AVAILABLE DATA:
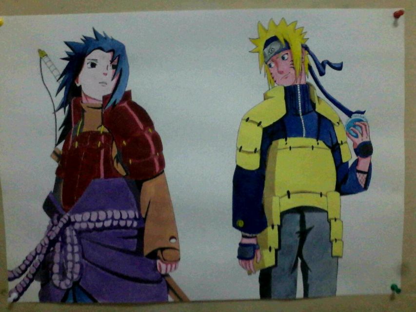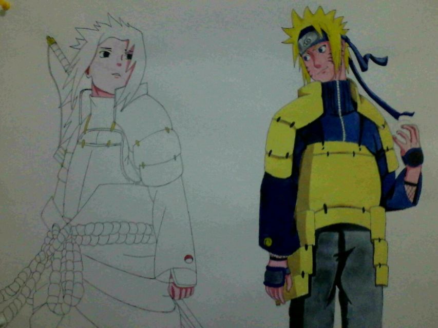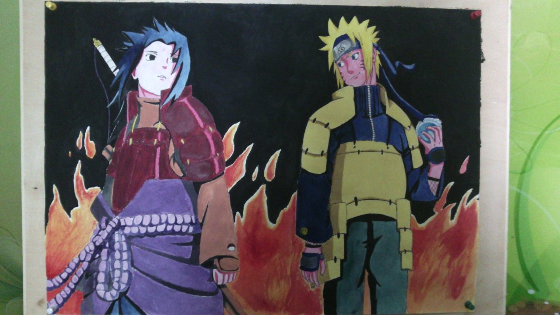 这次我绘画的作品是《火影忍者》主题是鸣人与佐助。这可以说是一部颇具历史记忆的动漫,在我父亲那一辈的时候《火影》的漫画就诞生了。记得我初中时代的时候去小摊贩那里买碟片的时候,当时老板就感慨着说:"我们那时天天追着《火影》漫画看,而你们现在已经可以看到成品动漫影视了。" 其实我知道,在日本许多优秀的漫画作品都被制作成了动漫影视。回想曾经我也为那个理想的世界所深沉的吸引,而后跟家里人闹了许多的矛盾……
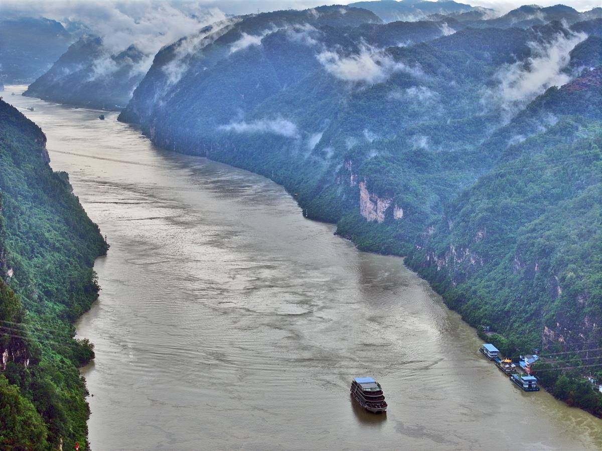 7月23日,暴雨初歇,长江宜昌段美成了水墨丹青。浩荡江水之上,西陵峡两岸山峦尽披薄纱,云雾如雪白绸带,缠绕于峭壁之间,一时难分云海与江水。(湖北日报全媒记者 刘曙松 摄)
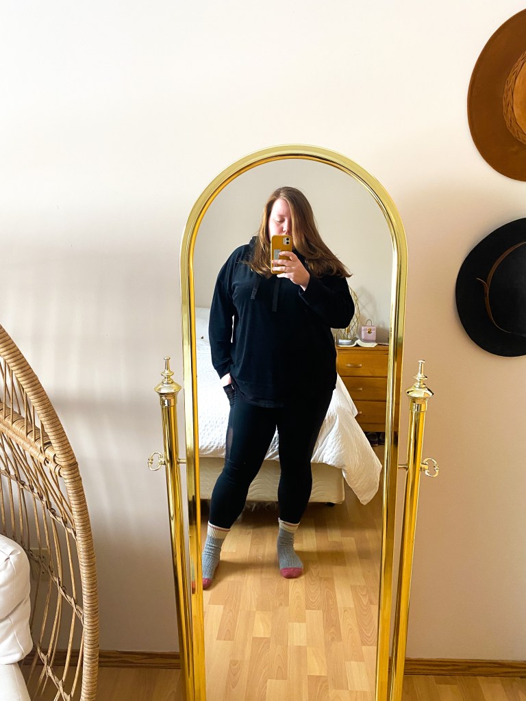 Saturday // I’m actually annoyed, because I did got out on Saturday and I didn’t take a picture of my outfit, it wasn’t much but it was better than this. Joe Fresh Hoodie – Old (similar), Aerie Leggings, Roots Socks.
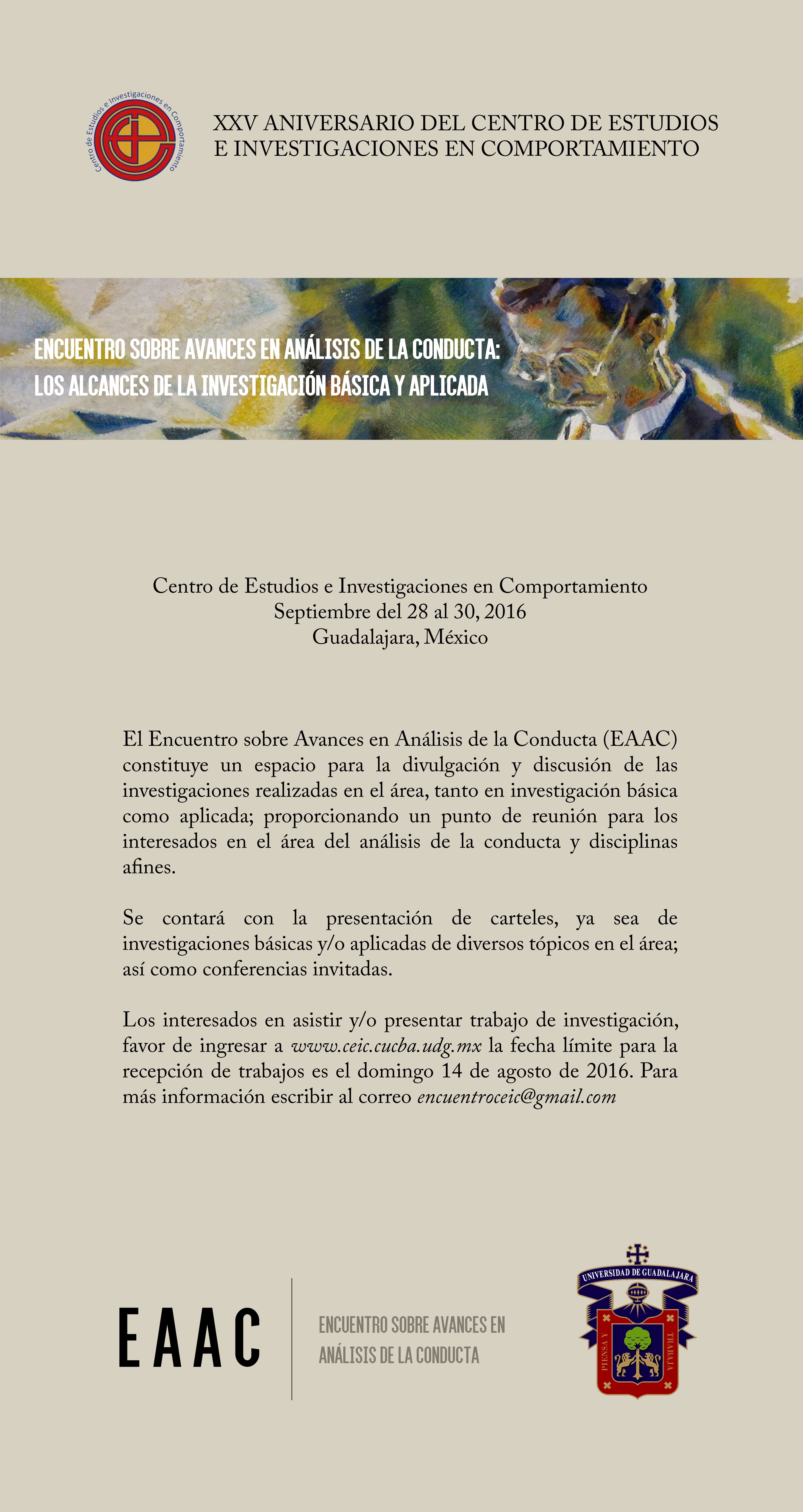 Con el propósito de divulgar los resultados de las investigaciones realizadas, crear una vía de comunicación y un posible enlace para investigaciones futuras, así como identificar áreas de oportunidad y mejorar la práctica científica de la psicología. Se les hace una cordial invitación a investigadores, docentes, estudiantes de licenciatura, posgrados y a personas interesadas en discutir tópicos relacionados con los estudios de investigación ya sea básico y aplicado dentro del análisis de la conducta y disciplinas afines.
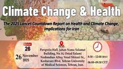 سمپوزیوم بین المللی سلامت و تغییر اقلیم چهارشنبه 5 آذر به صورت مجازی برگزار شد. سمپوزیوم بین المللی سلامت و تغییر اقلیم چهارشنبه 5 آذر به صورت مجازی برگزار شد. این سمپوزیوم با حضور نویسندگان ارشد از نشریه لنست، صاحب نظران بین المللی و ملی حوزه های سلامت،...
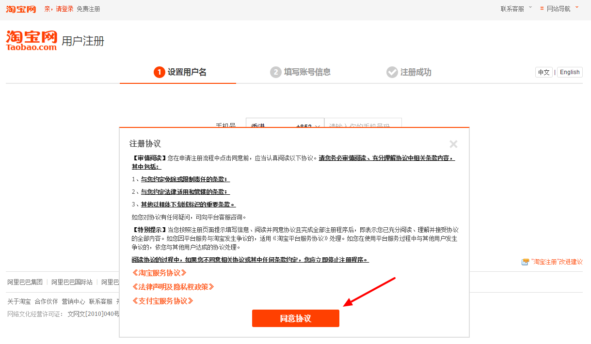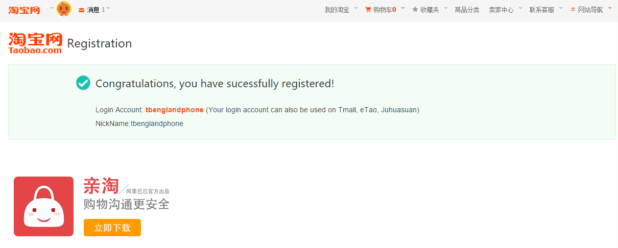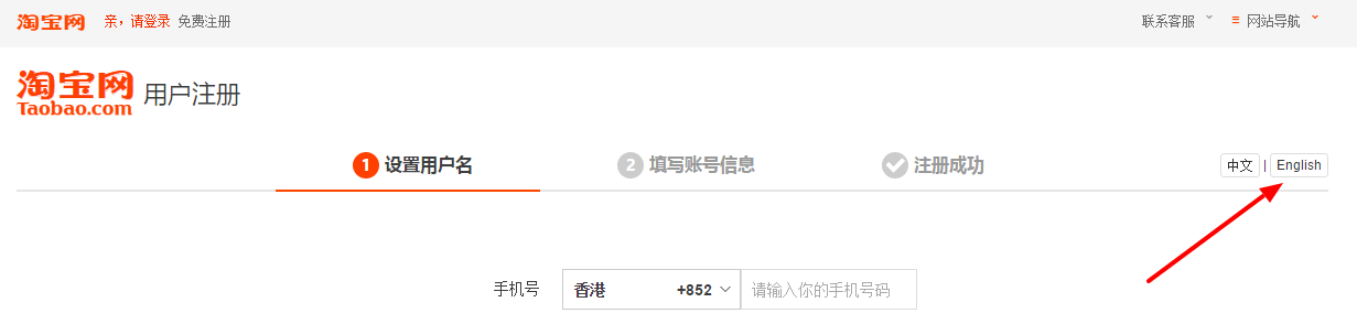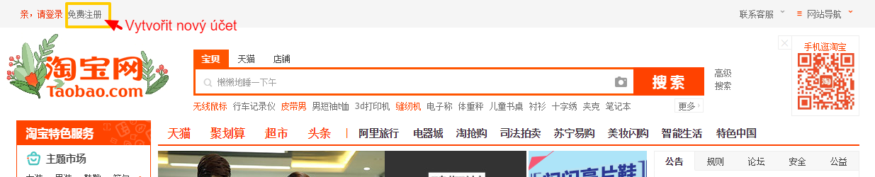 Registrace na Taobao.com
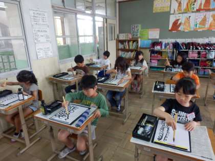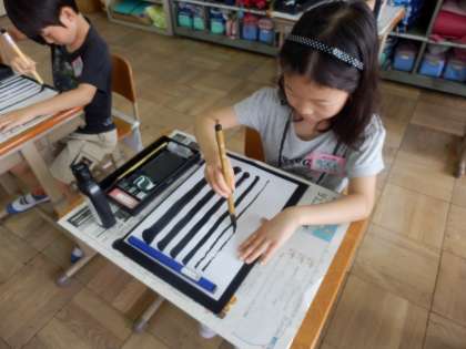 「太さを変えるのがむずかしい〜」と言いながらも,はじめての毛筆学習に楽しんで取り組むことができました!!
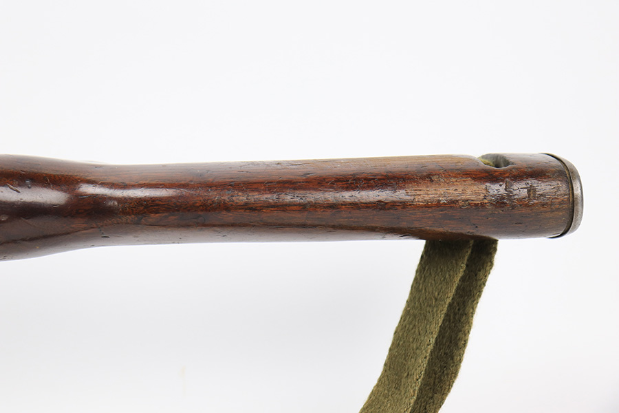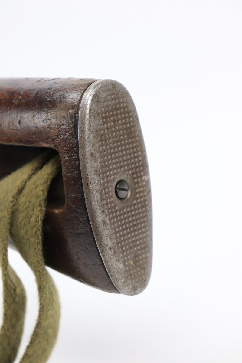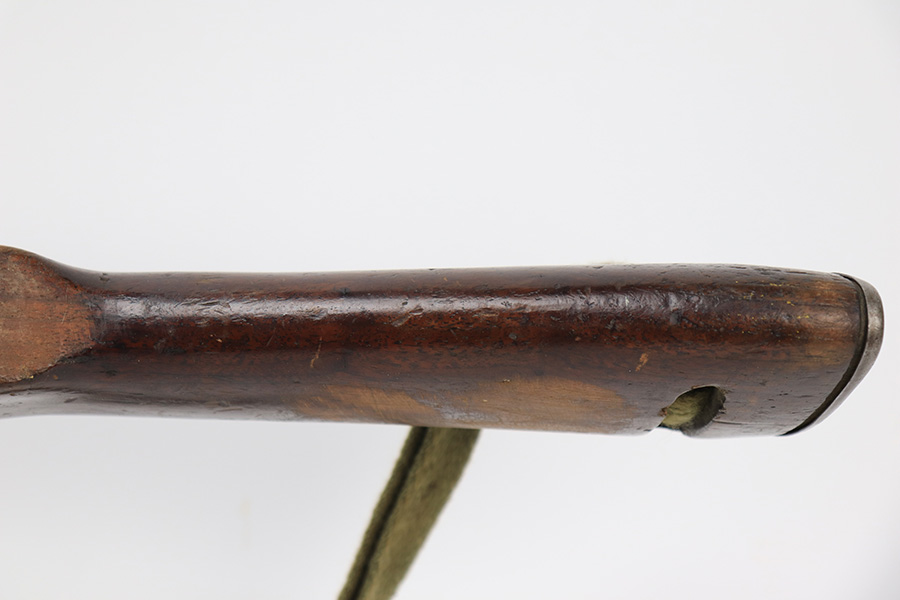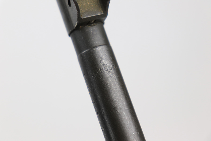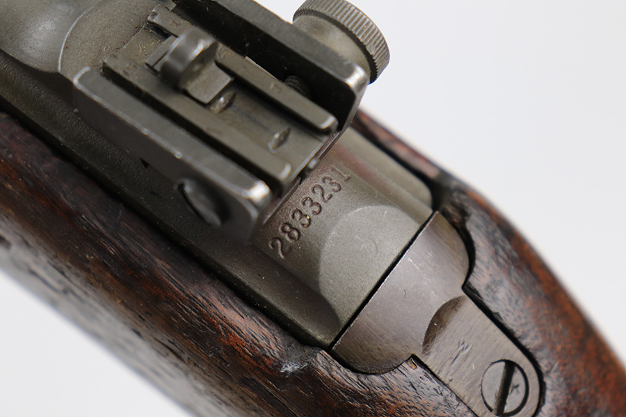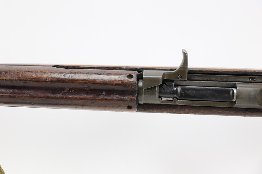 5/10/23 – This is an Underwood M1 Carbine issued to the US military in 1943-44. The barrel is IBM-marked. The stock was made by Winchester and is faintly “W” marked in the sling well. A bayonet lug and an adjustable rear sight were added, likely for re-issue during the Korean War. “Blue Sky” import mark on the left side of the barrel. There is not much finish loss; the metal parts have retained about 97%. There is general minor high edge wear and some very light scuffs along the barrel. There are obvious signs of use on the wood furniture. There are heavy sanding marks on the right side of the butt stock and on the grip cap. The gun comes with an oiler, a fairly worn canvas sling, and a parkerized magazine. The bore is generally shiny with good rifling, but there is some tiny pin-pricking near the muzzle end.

PROBLEM DETAILS: Set every entry down again word for word, but not the pictures.

WRITTEN ANSWER:
 这次我绘画的作品是《火影忍者》主题是鸣人与佐助。这可以说是一部颇具历史记忆的动漫,在我父亲那一辈的时候《火影》的漫画就诞生了。记得我初中时代的时候去小摊贩那里买碟片的时候,当时老板就感慨着说:"我们那时天天追着《火影》漫画看,而你们现在已经可以看到成品动漫影视了。" 其实我知道,在日本许多优秀的漫画作品都被制作成了动漫影视。回想曾经我也为那个理想的世界所深沉的吸引,而后跟家里人闹了许多的矛盾……
 7月23日,暴雨初歇,长江宜昌段美成了水墨丹青。浩荡江水之上,西陵峡两岸山峦尽披薄纱,云雾如雪白绸带,缠绕于峭壁之间,一时难分云海与江水。(湖北日报全媒记者 刘曙松 摄)
 Saturday // I’m actually annoyed, because I did got out on Saturday and I didn’t take a picture of my outfit, it wasn’t much but it was better than this. Joe Fresh Hoodie – Old (similar), Aerie Leggings, Roots Socks.
 Con el propósito de divulgar los resultados de las investigaciones realizadas, crear una vía de comunicación y un posible enlace para investigaciones futuras, así como identificar áreas de oportunidad y mejorar la práctica científica de la psicología. Se les hace una cordial invitación a investigadores, docentes, estudiantes de licenciatura, posgrados y a personas interesadas en discutir tópicos relacionados con los estudios de investigación ya sea básico y aplicado dentro del análisis de la conducta y disciplinas afines.
 سمپوزیوم بین المللی سلامت و تغییر اقلیم چهارشنبه 5 آذر به صورت مجازی برگزار شد. سمپوزیوم بین المللی سلامت و تغییر اقلیم چهارشنبه 5 آذر به صورت مجازی برگزار شد. این سمپوزیوم با حضور نویسندگان ارشد از نشریه لنست، صاحب نظران بین المللی و ملی حوزه های سلامت،...
 Registrace na Taobao.com
 「太さを変えるのがむずかしい〜」と言いながらも,はじめての毛筆学習に楽しんで取り組むことができました!!
 5/10/23 – This is an Underwood M1 Carbine issued to the US military in 1943-44. The barrel is IBM-marked. The stock was made by Winchester and is faintly “W” marked in the sling well. A bayonet lug and an adjustable rear sight were added, likely for re-issue during the Korean War. “Blue Sky” import mark on the left side of the barrel. There is not much finish loss; the metal parts have retained about 97%. There is general minor high edge wear and some very light scuffs along the barrel. There are obvious signs of use on the wood furniture. There are heavy sanding marks on the right side of the butt stock and on the grip cap. The gun comes with an oiler, a fairly worn canvas sling, and a parkerized magazine. The bore is generally shiny with good rifling, but there is some tiny pin-pricking near the muzzle end.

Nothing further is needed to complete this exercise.